I see -- you want to generate all permutations of magic squares. You need to cover all permutations of the range from 1 through N^2, returned as N lists of N elements each.

import itertools

N = 3
for seq in itertools.permutations(range(1, N*N+1)):
    # Split the sequence into a candidate magic square,
    #   N rows of N elements each.
    cand = [seq[i:i+N] for i in range(0, N*N, N)]

This produces a series of candidate squares; feed each one, in turn, to your checking routine, and print the ones that come up True. I expect that you can handle that part.
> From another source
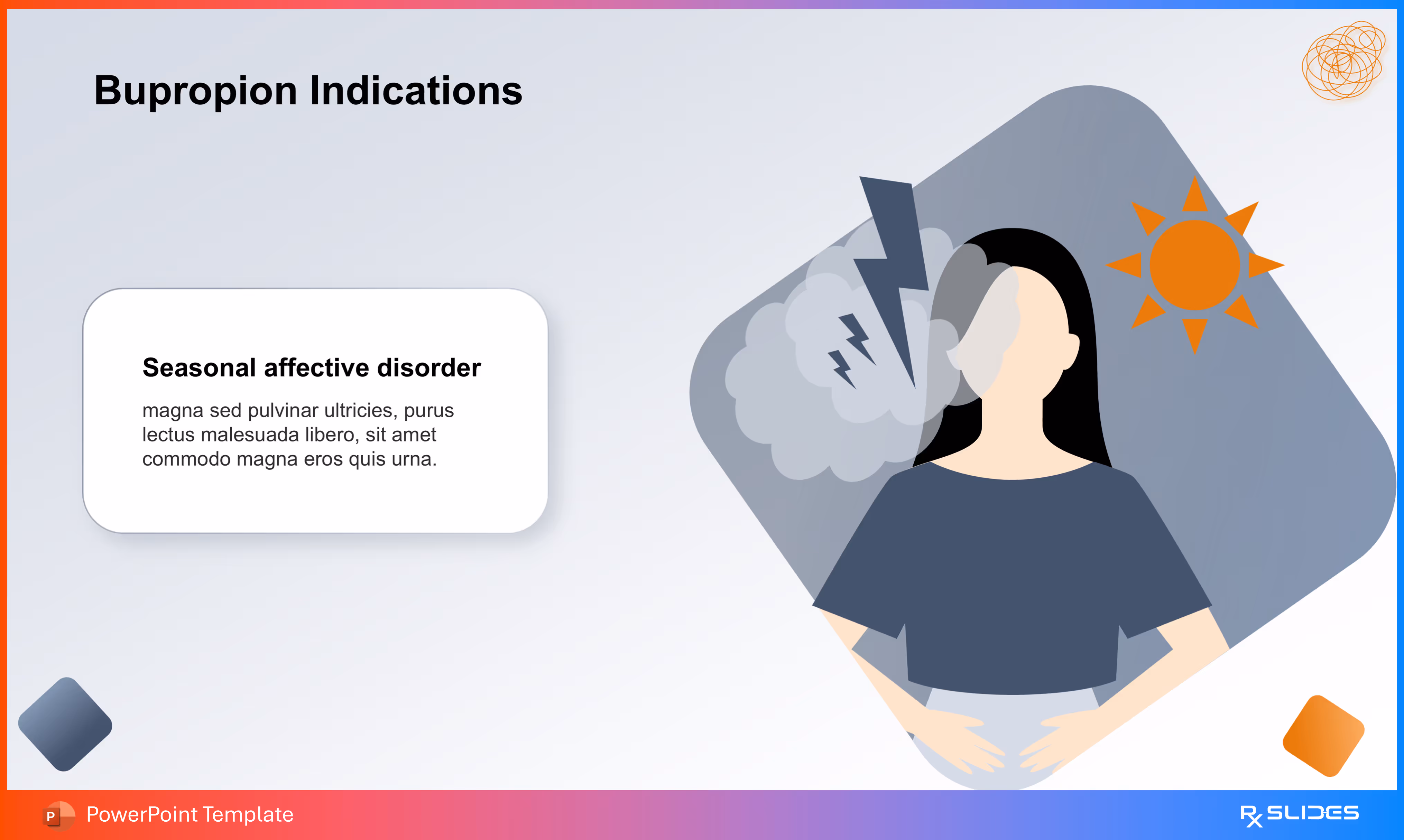 Explains Bupropion's role in treating Seasonal Affective Disorder, providing crucial clinical information with a strong visual element.

Here are a few sample candidates from the early part of the generation:

[(1, 3, 5), (6, 2, 8), (4, 7, 9)]
[(1, 3, 5), (6, 2, 8), (4, 9, 7)]
[(1, 3, 5), (6, 2, 8), (7, 4, 9)]
[(1, 3, 5), (6, 2, 8), (7, 9, 4)]
[(1, 3, 5), (6, 2, 8), (9, 4, 7)]
[(1, 3, 5), (6, 2, 8), (9, 7, 4)]
[(1, 3, 5), (6, 2, 9), (4, 7, 8)]
[(1, 3, 5), (6, 2, 9), (4, 8, 7)]
[(1, 3, 5), (6, 2, 9), (7, 4, 8)]
[(1, 3, 5), (6, 2, 9), (7, 8, 4)]
[(1, 3, 5), (6, 2, 9), (8, 4, 7)]
[(1, 3, 5), (6, 2, 9), (8, 7, 4)]

---

Change of method

Note that this is not your original algorithm: this generates whole squares, rather than just rows of 3. The independent generation has a logic flaw, in that it will generate magic squares that do not include all 9 numbers, while duplicating others. For instance:

7 2 6
4 5 6
4 8 3

Answer 2

Algorithm from given stopping point

You currently have all eight possible combinations of three distinct integers 1-9 that sum to 15. To solve the magic square in the straightforward way you requested, I suggest these steps:

• Generate all permutations of each combination: six per combination, for a total of 48. One way to do this is to generate all permutations (instead of combinations) in your current code.
• Consider these rows in permutations of 3 at a time. For each permutation, check to see whether stacking the rows in the generated order forms a square. You can check:
  • Does each of the three columns sum to 15?
  • Does each diagonal sum to 15?
  • Are the 9 numbers unique?

Faster Code

There are various ways to attack the permutations for efficiency. For instance, divide the rows into four groups by lowest element (1, 2, 3, or 4). In generating your squares, pick no more than one row from each group. This will greatly reduce the total squares you check, since it reduces duplication of elements.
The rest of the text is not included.